Task statement: Copy out all of the records. Keep every word exact.
· · · · · · ·
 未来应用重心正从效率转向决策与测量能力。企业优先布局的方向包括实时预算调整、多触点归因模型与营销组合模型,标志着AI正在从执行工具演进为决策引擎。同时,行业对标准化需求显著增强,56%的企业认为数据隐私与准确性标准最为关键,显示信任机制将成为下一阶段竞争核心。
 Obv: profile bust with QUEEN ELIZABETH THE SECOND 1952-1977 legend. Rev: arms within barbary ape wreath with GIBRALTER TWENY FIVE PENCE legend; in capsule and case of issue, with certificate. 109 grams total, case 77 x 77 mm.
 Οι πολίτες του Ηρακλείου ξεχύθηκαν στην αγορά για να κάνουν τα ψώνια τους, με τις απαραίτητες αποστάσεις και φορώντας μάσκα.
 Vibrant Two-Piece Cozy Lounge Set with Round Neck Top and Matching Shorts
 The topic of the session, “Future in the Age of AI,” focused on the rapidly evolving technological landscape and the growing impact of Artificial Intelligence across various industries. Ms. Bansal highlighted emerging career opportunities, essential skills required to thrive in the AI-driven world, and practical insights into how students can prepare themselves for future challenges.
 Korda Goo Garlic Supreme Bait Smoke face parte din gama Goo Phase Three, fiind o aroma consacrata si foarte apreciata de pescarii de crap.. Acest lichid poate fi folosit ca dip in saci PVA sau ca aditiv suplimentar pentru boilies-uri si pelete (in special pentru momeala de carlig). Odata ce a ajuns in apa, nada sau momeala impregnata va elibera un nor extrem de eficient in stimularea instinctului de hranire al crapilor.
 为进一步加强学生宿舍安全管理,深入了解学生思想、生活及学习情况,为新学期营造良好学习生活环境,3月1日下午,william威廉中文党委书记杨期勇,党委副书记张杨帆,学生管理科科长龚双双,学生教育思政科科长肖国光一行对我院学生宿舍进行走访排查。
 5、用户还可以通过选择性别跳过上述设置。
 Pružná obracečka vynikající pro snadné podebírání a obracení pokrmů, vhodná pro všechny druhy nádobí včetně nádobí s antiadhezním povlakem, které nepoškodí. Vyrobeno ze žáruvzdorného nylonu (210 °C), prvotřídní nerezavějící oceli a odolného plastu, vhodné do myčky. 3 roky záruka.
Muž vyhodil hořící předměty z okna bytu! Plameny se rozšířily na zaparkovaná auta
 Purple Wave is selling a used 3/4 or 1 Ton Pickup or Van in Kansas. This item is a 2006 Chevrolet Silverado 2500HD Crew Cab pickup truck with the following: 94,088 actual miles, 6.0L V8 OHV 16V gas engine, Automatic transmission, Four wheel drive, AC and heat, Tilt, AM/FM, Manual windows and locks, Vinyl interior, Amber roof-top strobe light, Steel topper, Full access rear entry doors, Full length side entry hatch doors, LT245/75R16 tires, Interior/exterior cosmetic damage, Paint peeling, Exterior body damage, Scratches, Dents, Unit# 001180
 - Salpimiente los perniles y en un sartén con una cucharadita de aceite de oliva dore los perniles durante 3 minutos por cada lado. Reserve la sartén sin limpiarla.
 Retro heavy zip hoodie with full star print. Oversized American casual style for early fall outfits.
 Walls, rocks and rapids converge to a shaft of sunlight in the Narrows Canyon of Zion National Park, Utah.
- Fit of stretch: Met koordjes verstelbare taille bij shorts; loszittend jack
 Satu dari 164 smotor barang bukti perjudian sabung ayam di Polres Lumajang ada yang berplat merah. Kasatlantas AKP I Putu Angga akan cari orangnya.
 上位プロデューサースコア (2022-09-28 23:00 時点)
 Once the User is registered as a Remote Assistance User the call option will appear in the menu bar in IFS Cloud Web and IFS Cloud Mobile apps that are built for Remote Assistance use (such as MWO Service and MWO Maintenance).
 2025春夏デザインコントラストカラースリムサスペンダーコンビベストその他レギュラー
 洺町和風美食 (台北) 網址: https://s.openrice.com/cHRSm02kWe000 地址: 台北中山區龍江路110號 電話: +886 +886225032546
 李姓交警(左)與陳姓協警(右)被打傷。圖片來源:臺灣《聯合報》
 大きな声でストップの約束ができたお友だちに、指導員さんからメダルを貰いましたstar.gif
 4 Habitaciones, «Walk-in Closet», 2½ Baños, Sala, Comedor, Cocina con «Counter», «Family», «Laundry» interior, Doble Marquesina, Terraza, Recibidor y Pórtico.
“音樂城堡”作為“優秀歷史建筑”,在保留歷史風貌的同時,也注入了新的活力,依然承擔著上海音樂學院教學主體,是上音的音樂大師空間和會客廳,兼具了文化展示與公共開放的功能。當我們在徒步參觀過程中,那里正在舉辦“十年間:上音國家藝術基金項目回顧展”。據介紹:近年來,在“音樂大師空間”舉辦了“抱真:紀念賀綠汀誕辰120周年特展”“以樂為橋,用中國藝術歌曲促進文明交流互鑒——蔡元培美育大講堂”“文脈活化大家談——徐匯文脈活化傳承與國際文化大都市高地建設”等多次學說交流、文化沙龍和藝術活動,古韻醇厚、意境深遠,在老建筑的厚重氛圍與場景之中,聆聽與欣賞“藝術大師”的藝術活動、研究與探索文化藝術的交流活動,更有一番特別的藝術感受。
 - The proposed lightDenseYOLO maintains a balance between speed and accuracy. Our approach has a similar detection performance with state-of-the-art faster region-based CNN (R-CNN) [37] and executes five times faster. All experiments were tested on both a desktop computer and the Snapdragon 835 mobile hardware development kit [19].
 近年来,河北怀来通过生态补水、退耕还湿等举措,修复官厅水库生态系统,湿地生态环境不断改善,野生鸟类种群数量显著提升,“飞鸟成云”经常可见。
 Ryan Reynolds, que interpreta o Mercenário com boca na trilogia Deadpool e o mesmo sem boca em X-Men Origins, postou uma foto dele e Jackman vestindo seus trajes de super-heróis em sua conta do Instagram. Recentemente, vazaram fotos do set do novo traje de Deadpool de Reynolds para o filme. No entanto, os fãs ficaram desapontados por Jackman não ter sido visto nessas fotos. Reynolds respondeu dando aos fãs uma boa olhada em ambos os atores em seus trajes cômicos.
· · · · · · ·
Output of the exercise:
 未来应用重心正从效率转向决策与测量能力。企业优先布局的方向包括实时预算调整、多触点归因模型与营销组合模型,标志着AI正在从执行工具演进为决策引擎。同时,行业对标准化需求显著增强,56%的企业认为数据隐私与准确性标准最为关键,显示信任机制将成为下一阶段竞争核心。
 Obv: profile bust with QUEEN ELIZABETH THE SECOND 1952-1977 legend. Rev: arms within barbary ape wreath with GIBRALTER TWENY FIVE PENCE legend; in capsule and case of issue, with certificate. 109 grams total, case 77 x 77 mm.
 Οι πολίτες του Ηρακλείου ξεχύθηκαν στην αγορά για να κάνουν τα ψώνια τους, με τις απαραίτητες αποστάσεις και φορώντας μάσκα.
 Vibrant Two-Piece Cozy Lounge Set with Round Neck Top and Matching Shorts
 The topic of the session, “Future in the Age of AI,” focused on the rapidly evolving technological landscape and the growing impact of Artificial Intelligence across various industries. Ms. Bansal highlighted emerging career opportunities, essential skills required to thrive in the AI-driven world, and practical insights into how students can prepare themselves for future challenges.
 Korda Goo Garlic Supreme Bait Smoke face parte din gama Goo Phase Three, fiind o aroma consacrata si foarte apreciata de pescarii de crap.. Acest lichid poate fi folosit ca dip in saci PVA sau ca aditiv suplimentar pentru boilies-uri si pelete (in special pentru momeala de carlig). Odata ce a ajuns in apa, nada sau momeala impregnata va elibera un nor extrem de eficient in stimularea instinctului de hranire al crapilor.
 为进一步加强学生宿舍安全管理,深入了解学生思想、生活及学习情况,为新学期营造良好学习生活环境,3月1日下午,william威廉中文党委书记杨期勇,党委副书记张杨帆,学生管理科科长龚双双,学生教育思政科科长肖国光一行对我院学生宿舍进行走访排查。
 5、用户还可以通过选择性别跳过上述设置。
 Pružná obracečka vynikající pro snadné podebírání a obracení pokrmů, vhodná pro všechny druhy nádobí včetně nádobí s antiadhezním povlakem, které nepoškodí. Vyrobeno ze žáruvzdorného nylonu (210 °C), prvotřídní nerezavějící oceli a odolného plastu, vhodné do myčky. 3 roky záruka.
Muž vyhodil hořící předměty z okna bytu! Plameny se rozšířily na zaparkovaná auta
 Purple Wave is selling a used 3/4 or 1 Ton Pickup or Van in Kansas. This item is a 2006 Chevrolet Silverado 2500HD Crew Cab pickup truck with the following: 94,088 actual miles, 6.0L V8 OHV 16V gas engine, Automatic transmission, Four wheel drive, AC and heat, Tilt, AM/FM, Manual windows and locks, Vinyl interior, Amber roof-top strobe light, Steel topper, Full access rear entry doors, Full length side entry hatch doors, LT245/75R16 tires, Interior/exterior cosmetic damage, Paint peeling, Exterior body damage, Scratches, Dents, Unit# 001180
 - Salpimiente los perniles y en un sartén con una cucharadita de aceite de oliva dore los perniles durante 3 minutos por cada lado. Reserve la sartén sin limpiarla.
 Retro heavy zip hoodie with full star print. Oversized American casual style for early fall outfits.
 Walls, rocks and rapids converge to a shaft of sunlight in the Narrows Canyon of Zion National Park, Utah.
- Fit of stretch: Met koordjes verstelbare taille bij shorts; loszittend jack
 Satu dari 164 smotor barang bukti perjudian sabung ayam di Polres Lumajang ada yang berplat merah. Kasatlantas AKP I Putu Angga akan cari orangnya.
 上位プロデューサースコア (2022-09-28 23:00 時点)
 Once the User is registered as a Remote Assistance User the call option will appear in the menu bar in IFS Cloud Web and IFS Cloud Mobile apps that are built for Remote Assistance use (such as MWO Service and MWO Maintenance).
 2025春夏デザインコントラストカラースリムサスペンダーコンビベストその他レギュラー
 洺町和風美食 (台北) 網址: https://s.openrice.com/cHRSm02kWe000 地址: 台北中山區龍江路110號 電話: +886 +886225032546
 李姓交警(左)與陳姓協警(右)被打傷。圖片來源:臺灣《聯合報》
 大きな声でストップの約束ができたお友だちに、指導員さんからメダルを貰いましたstar.gif
 4 Habitaciones, «Walk-in Closet», 2½ Baños, Sala, Comedor, Cocina con «Counter», «Family», «Laundry» interior, Doble Marquesina, Terraza, Recibidor y Pórtico.
“音樂城堡”作為“優秀歷史建筑”,在保留歷史風貌的同時,也注入了新的活力,依然承擔著上海音樂學院教學主體,是上音的音樂大師空間和會客廳,兼具了文化展示與公共開放的功能。當我們在徒步參觀過程中,那里正在舉辦“十年間:上音國家藝術基金項目回顧展”。據介紹:近年來,在“音樂大師空間”舉辦了“抱真:紀念賀綠汀誕辰120周年特展”“以樂為橋,用中國藝術歌曲促進文明交流互鑒——蔡元培美育大講堂”“文脈活化大家談——徐匯文脈活化傳承與國際文化大都市高地建設”等多次學說交流、文化沙龍和藝術活動,古韻醇厚、意境深遠,在老建筑的厚重氛圍與場景之中,聆聽與欣賞“藝術大師”的藝術活動、研究與探索文化藝術的交流活動,更有一番特別的藝術感受。
 - The proposed lightDenseYOLO maintains a balance between speed and accuracy. Our approach has a similar detection performance with state-of-the-art faster region-based CNN (R-CNN) [37] and executes five times faster. All experiments were tested on both a desktop computer and the Snapdragon 835 mobile hardware development kit [19].
 近年来,河北怀来通过生态补水、退耕还湿等举措,修复官厅水库生态系统,湿地生态环境不断改善,野生鸟类种群数量显著提升,“飞鸟成云”经常可见。
 Ryan Reynolds, que interpreta o Mercenário com boca na trilogia Deadpool e o mesmo sem boca em X-Men Origins, postou uma foto dele e Jackman vestindo seus trajes de super-heróis em sua conta do Instagram. Recentemente, vazaram fotos do set do novo traje de Deadpool de Reynolds para o filme. No entanto, os fãs ficaram desapontados por Jackman não ter sido visto nessas fotos. Reynolds respondeu dando aos fãs uma boa olhada em ambos os atores em seus trajes cômicos.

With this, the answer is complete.